══ DATA FOR THIS TASK ══
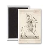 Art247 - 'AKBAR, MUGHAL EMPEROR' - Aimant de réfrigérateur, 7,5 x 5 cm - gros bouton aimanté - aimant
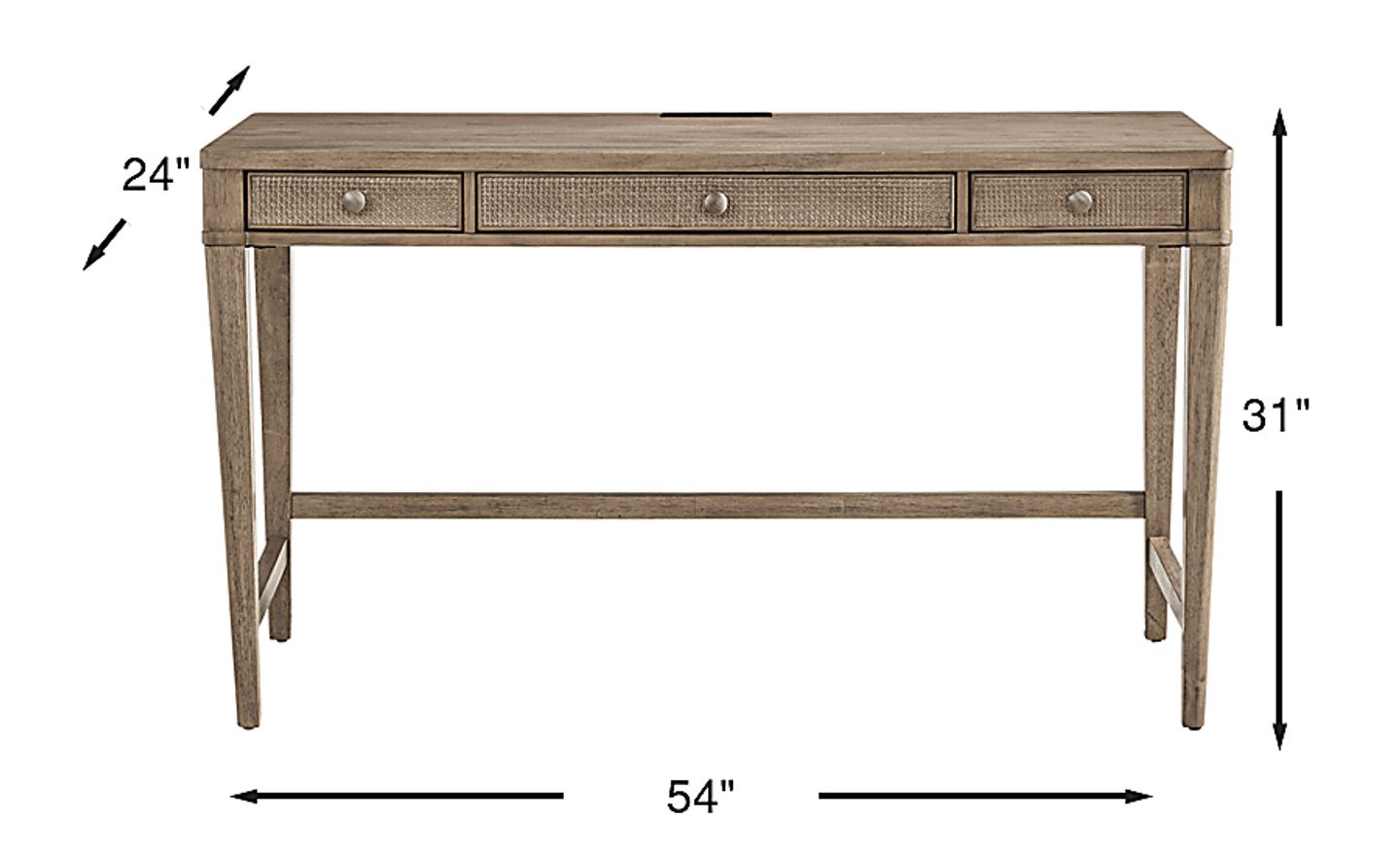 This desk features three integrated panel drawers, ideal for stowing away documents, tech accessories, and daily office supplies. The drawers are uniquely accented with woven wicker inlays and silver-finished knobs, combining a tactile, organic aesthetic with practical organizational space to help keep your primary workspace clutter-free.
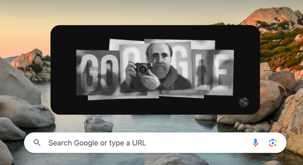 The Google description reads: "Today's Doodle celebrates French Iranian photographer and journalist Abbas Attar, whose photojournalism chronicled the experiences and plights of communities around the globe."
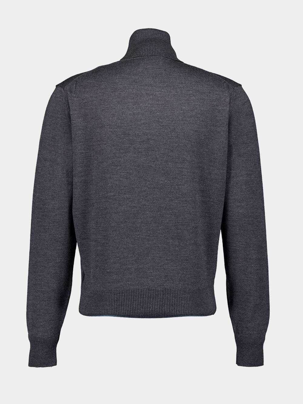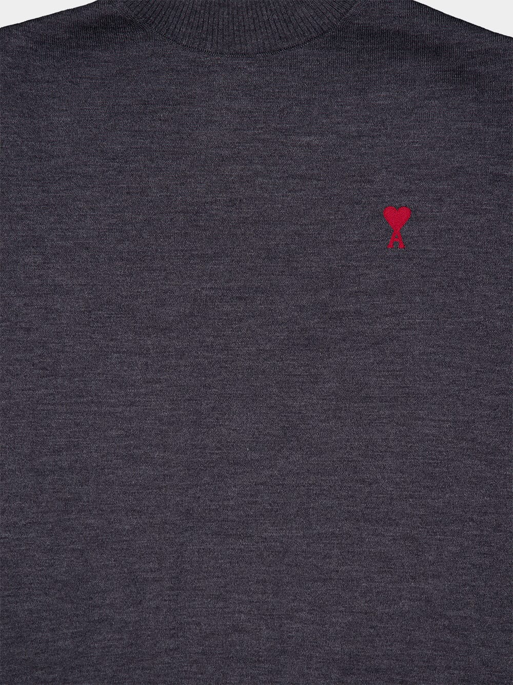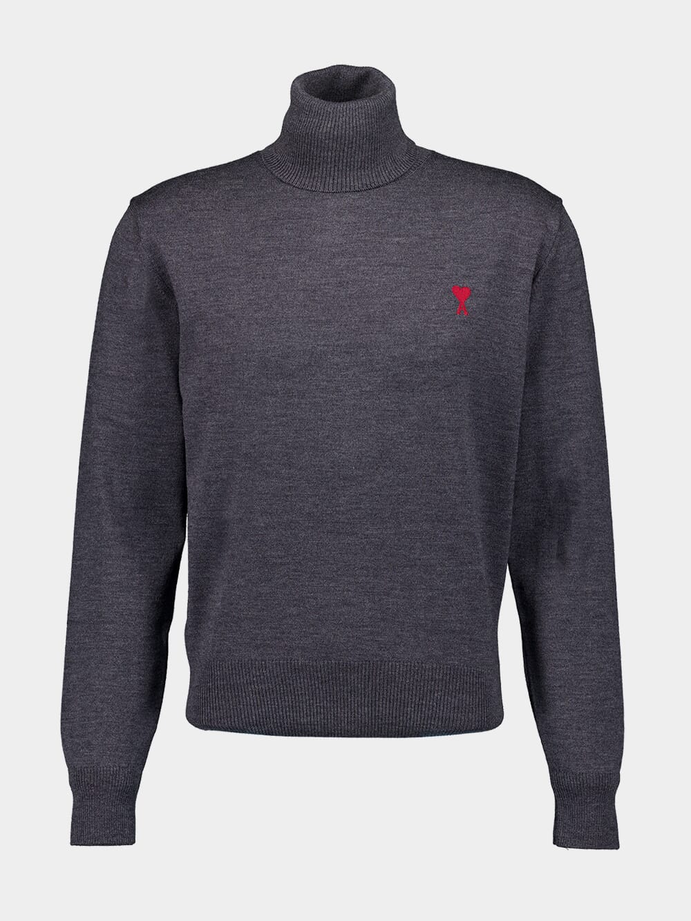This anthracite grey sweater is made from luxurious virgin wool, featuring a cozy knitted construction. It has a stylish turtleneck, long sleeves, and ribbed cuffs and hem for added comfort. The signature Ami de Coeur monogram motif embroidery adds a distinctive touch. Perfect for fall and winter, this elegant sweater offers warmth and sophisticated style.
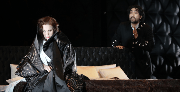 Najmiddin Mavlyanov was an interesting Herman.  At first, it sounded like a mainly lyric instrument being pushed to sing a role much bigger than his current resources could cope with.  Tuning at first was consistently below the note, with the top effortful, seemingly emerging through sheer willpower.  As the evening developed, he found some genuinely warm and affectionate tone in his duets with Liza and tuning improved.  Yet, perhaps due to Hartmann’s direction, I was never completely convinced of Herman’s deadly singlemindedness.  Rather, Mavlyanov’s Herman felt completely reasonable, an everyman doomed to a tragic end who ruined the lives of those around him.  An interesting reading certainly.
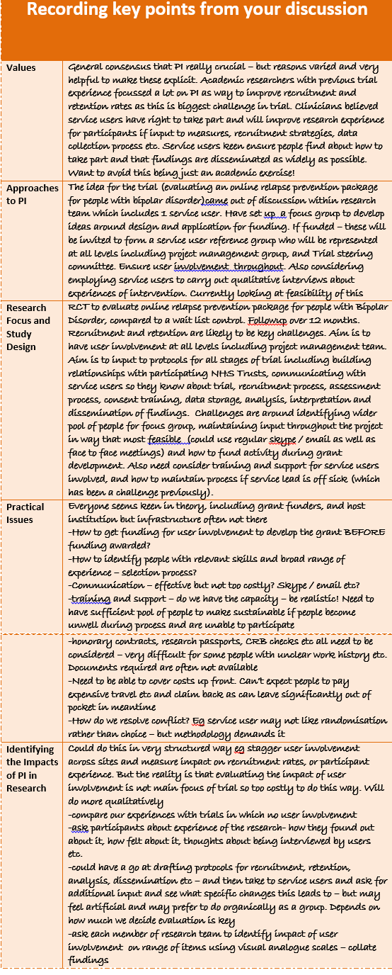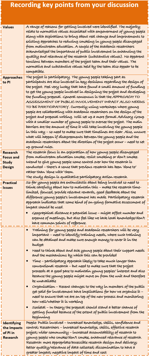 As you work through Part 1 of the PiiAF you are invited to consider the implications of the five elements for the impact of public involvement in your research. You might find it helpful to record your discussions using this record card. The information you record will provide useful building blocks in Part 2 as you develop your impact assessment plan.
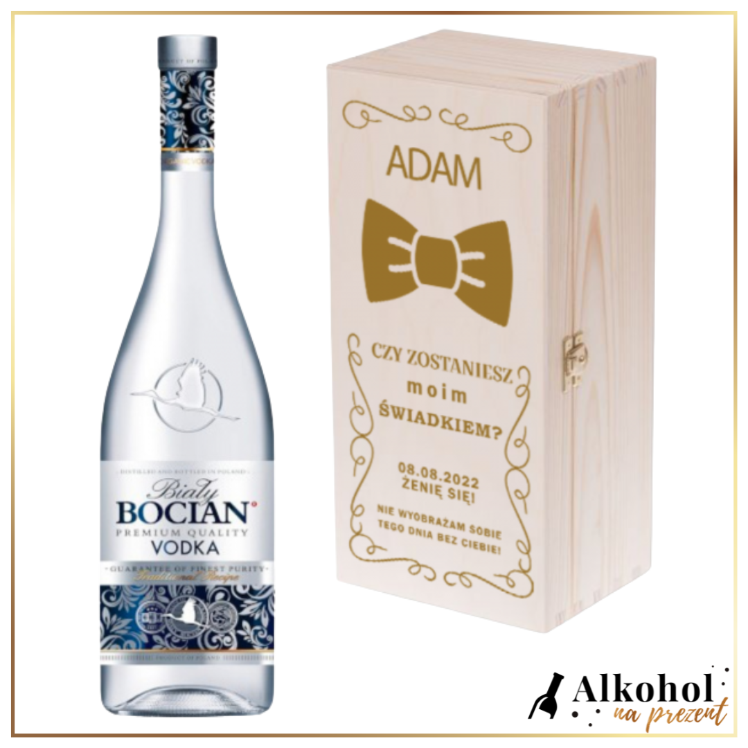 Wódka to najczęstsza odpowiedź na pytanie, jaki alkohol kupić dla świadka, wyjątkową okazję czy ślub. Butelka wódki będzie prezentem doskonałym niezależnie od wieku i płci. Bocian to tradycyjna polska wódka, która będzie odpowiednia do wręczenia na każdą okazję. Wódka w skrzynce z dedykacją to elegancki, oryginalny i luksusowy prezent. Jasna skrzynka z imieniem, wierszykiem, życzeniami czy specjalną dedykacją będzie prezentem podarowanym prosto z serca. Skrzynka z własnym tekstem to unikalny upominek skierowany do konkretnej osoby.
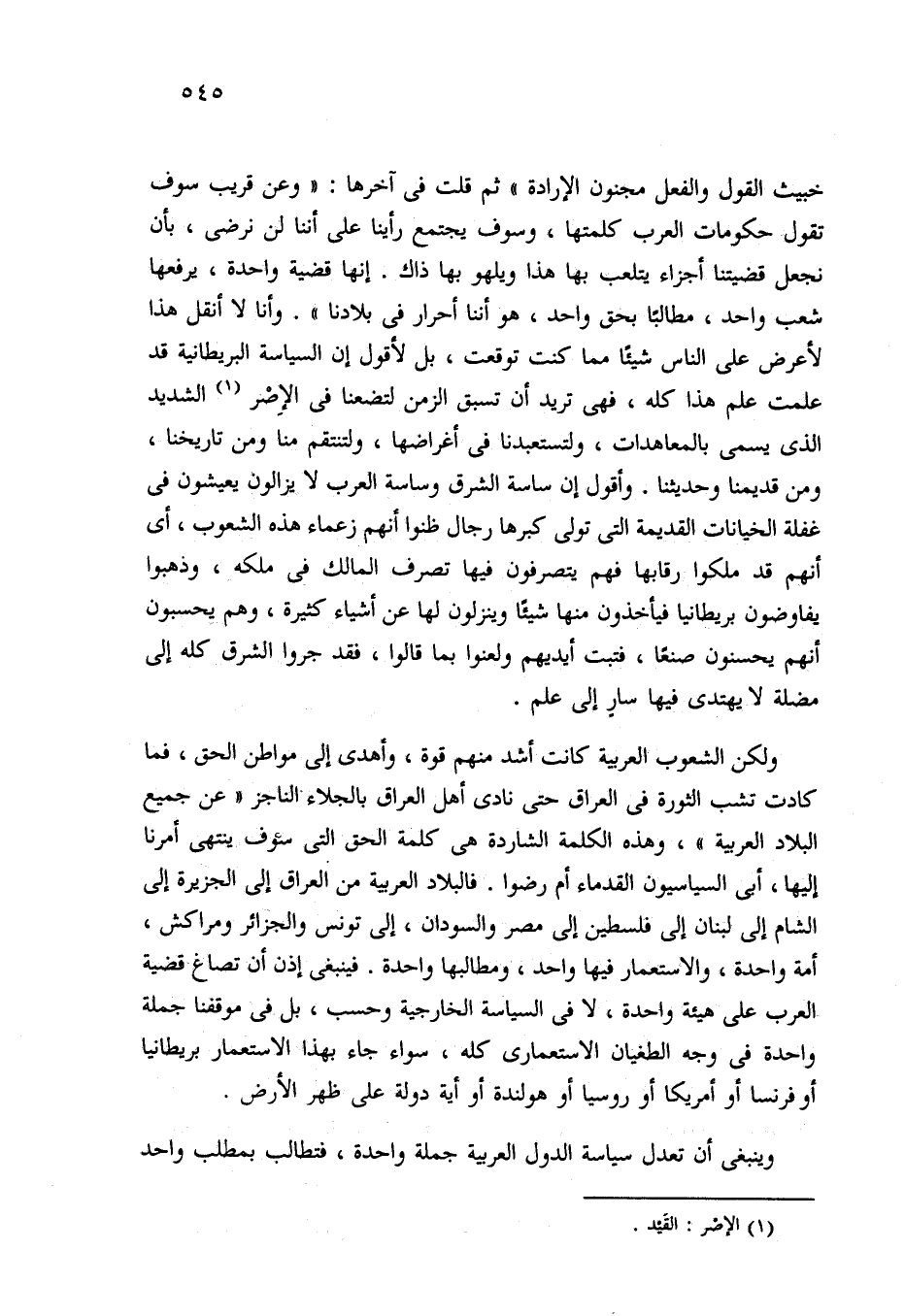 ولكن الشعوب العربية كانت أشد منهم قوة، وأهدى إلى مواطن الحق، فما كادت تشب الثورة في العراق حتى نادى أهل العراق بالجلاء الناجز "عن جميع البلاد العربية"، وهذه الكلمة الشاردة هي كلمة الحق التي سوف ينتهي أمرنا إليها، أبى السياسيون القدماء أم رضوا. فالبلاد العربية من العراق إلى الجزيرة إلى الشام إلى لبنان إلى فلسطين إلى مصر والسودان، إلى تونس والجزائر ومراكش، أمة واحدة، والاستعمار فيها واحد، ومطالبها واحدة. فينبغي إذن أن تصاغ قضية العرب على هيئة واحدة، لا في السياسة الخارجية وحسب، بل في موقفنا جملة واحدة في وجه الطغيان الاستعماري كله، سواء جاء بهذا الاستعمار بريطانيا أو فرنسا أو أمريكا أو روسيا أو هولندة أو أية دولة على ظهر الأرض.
═══
EXERCISE REQUIREMENTS
Only exact lines belong in the answer: those from the beginning of the entries above through the line holding "This anthracite grey", with no pictures.

SOLUTION FOR THIS PROBLEM
 Art247 - 'AKBAR, MUGHAL EMPEROR' - Aimant de réfrigérateur, 7,5 x 5 cm - gros bouton aimanté - aimant
 This desk features three integrated panel drawers, ideal for stowing away documents, tech accessories, and daily office supplies. The drawers are uniquely accented with woven wicker inlays and silver-finished knobs, combining a tactile, organic aesthetic with practical organizational space to help keep your primary workspace clutter-free.
 The Google description reads: "Today's Doodle celebrates French Iranian photographer and journalist Abbas Attar, whose photojournalism chronicled the experiences and plights of communities around the globe."
This anthracite grey sweater is made from luxurious virgin wool, featuring a cozy knitted construction. It has a stylish turtleneck, long sleeves, and ribbed cuffs and hem for added comfort. The signature Ami de Coeur monogram motif embroidery adds a distinctive touch. Perfect for fall and winter, this elegant sweater offers warmth and sophisticated style.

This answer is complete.